• Activity: The lines to reproduce run from the one containing "洋室2つと主寝室はそれぞれ6" through the end of the records below. Reproduce them exactly and add nothing.
──────── Data for this task ────────
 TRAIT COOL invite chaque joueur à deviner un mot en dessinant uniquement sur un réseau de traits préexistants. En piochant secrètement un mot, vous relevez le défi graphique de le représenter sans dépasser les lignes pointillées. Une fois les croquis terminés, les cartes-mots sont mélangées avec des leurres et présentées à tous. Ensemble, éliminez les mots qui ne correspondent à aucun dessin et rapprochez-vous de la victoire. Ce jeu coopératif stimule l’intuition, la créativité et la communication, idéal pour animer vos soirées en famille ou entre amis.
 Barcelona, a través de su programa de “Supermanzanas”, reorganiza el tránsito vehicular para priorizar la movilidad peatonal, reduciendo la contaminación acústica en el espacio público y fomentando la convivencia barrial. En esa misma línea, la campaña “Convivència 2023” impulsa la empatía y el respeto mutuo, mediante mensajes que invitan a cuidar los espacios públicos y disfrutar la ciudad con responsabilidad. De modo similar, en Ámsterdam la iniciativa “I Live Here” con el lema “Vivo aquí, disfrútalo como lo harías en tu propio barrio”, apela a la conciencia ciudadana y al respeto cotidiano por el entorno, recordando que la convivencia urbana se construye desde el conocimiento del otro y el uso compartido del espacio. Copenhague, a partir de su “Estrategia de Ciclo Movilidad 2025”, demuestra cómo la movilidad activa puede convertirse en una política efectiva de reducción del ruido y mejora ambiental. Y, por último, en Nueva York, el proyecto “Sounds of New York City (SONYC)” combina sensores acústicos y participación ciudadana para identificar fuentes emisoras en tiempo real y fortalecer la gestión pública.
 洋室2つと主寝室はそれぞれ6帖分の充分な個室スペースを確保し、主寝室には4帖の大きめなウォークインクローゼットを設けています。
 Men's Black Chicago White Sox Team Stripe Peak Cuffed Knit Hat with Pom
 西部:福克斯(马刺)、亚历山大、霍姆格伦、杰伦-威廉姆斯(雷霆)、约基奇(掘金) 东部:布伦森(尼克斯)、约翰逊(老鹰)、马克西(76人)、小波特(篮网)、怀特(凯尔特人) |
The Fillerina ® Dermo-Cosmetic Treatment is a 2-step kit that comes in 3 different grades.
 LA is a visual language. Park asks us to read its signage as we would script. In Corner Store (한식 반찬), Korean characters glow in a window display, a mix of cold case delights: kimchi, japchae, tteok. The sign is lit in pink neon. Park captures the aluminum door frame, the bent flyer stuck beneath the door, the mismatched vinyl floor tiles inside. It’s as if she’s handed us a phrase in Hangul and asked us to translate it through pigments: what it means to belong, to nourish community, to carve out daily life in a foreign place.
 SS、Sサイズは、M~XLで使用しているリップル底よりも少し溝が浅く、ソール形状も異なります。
────────
• Solution for this task:
 洋室2つと主寝室はそれぞれ6帖分の充分な個室スペースを確保し、主寝室には4帖の大きめなウォークインクローゼットを設けています。
 Men's Black Chicago White Sox Team Stripe Peak Cuffed Knit Hat with Pom
 西部:福克斯(马刺)、亚历山大、霍姆格伦、杰伦-威廉姆斯(雷霆)、约基奇(掘金) 东部:布伦森(尼克斯)、约翰逊(老鹰)、马克西(76人)、小波特(篮网)、怀特(凯尔特人) |
The Fillerina ® Dermo-Cosmetic Treatment is a 2-step kit that comes in 3 different grades.
 LA is a visual language. Park asks us to read its signage as we would script. In Corner Store (한식 반찬), Korean characters glow in a window display, a mix of cold case delights: kimchi, japchae, tteok. The sign is lit in pink neon. Park captures the aluminum door frame, the bent flyer stuck beneath the door, the mismatched vinyl floor tiles inside. It’s as if she’s handed us a phrase in Hangul and asked us to translate it through pigments: what it means to belong, to nourish community, to carve out daily life in a foreign place.
 SS、Sサイズは、M~XLで使用しているリップル底よりも少し溝が浅く、ソール形状も異なります。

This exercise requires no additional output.